While I use the moniker “The Black Snob” on the blog in my non-virtual life I’m pretty militant about people calling me by my real name. I’ve never liked nicknames. If my parents went through all the trouble of coming up with my name people should at least call me by it.
I’m always fighting with people to not bastardize my name by shortening it or using the male version of my name. To not spell it with a bunch of unnecessary letters. And my annoyance at nicknames don’t stop there.
I hate pet names.
They’re stupid. And I especially hate all the “black” pet names that were created in-between 1992 and 1998. Mostly because I thought people would have come up with some new pet names by now for me to hate by now. After all, people stopped using “playa hater” a few years back, finally, after white people started using it. That’s usually the death knell for all hip, black vernacular. So, I beg you, white people, adopt these terms so they can die a brutal, uncool death.

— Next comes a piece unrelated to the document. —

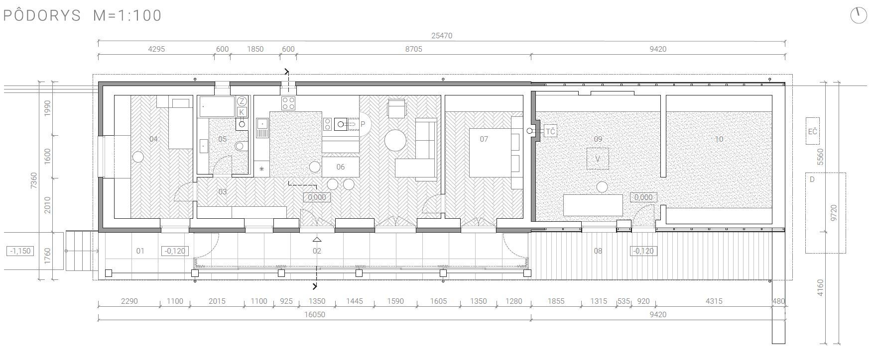 Dispozične sa objekt mení na trojizbový s využitím pôvodnej časti domu. Boli zachované všetky komíny a poloha väčšiny okien. Nové materiály boli volené trvácne, s nižšou zabudovanou energiou.
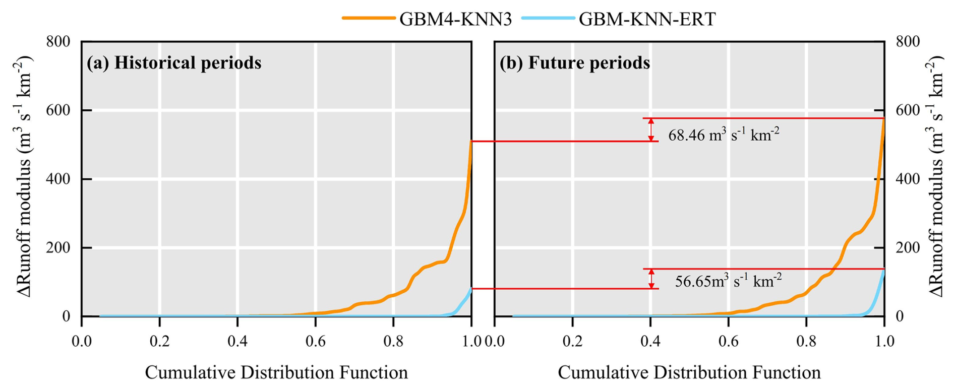 To quantitatively assess the impact of climate change, an experiment was devised where this impact was primarily reflected through changes in two key catchment descriptors: Tem and Pre. For the historical period, these descriptors represent the multi-year averages over 1901–2021, while for the future period, they represent the projected multi-year averages over 2022–2100 under the SSP5-8.5 scenario. The regionalization methods (GBM4-KNN3 and GBM-KNN-ERT), which were trained exclusively using historical data, were then applied under these future conditions. Crucially, the method structures and hyperparameters remained fixed, and no retraining was performed; only the historical Tem and Pre values were replaced with their future projections. This approach allows the response of the established historical relationships to new, out-of-sample climatic inputs to be tested. The simulated peak discharges for this analysis were derived from the same three flood events used in the calibration and validation of the Top-SSF model. This experimental design is critical as it isolates the impact of the changed model parameters from the compounding effect of a different future rainfall event. Consequently, any observed change in the simulated flood peak is attributable solely to the sensitivity of the regionalization method to the shift in climatic descriptors. Cumulative distribution functions (CDFs) were then employed to illustrate the discrepancies between the parameter regionalization simulations and the reference simulations (derived from calibrated model parameters) across the historical and projected future periods for the 80 catchments (Fig. 12).

1) “Boo.” I always thought this was the lamest term of endearment. Why am I being reduced to a game you play with a pre-verbal child? A six-year-old’s attempt at a Halloween taunt? The slow-witted, creepy, but endearing man-child Boo Radley from “To Kill A Mockingbird?” What the hell is that name supposed to mean? Every time I hear Chris Brown on the radio singing “I love you, Boo,” I wonder why this tired term is appropriate for R&B affections while Poo-Bear and Pookie are not. I don’t like those names either, but they’re about the same level of stupid.
2) “Shawty.” The first time a guy called me this was in 1996 when I was in college. He was trying to be smooth, trying to say it all fake sexy-like, but I was disturbed because I thought “shorty” was a nickname for your kid. I always envisioned a shorty to be a cheeky 5-year-old who constantly asks his mother when his father is taking him to the zoo because he didn’t show up the last two weekends for custody. I did not envision a 19-year-old pseudo-black militant coed with “Aaliyah” hair.

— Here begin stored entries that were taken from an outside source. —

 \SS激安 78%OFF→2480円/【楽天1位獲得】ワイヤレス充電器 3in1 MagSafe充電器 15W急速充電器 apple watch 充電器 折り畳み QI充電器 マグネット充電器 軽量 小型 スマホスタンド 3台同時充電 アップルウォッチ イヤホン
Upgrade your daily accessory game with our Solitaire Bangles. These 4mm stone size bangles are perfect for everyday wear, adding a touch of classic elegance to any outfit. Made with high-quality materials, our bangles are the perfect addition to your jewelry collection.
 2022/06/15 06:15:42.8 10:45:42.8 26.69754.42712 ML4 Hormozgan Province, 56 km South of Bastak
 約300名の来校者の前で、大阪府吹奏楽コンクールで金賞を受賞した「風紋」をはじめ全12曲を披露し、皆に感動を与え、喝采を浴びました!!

3) “Wifey.” I always read this to be a way of pacifying your girlfriend who would like to be your actual married wife, with papers and rings and such. A way of saying, “Hey, you’re like a wife to me. You’re wife-ish!” My ex, Sgt. Kabukiman, referred to me as his wife rather than girlfriend before we married. I didn’t like it then either. Call me your wife when I’m your wife. O-Tay? I sure as hell didn’t introduce him as my husband until he was legally my husband.
I find wifey especially insulting because usually the term is followed up with the whole “we don’t need to be married to show our love” trip. That’s great if it’s true on both sides. If two consenting adults want to permanently shack up, please do. But if your girlfriend genuinely wants to marry your crusty ol’ ass and you don’t want to marry her, like ever, be a man and just break up with her. I know breaking up with a woman is uncomfortable, especially since we can whip out the hysterics like none other, but your “wait her out so she can dump me first” strategy might incur some blow back in the form of unplanned pregnancies or murder suicides.
So tacky pet names used in tacky raps songs that featured K-Ci Hailey in the 1990s and now feature the horrendous Akon today are another limit to my blackness.
Call me The Snob or don’t call me at all.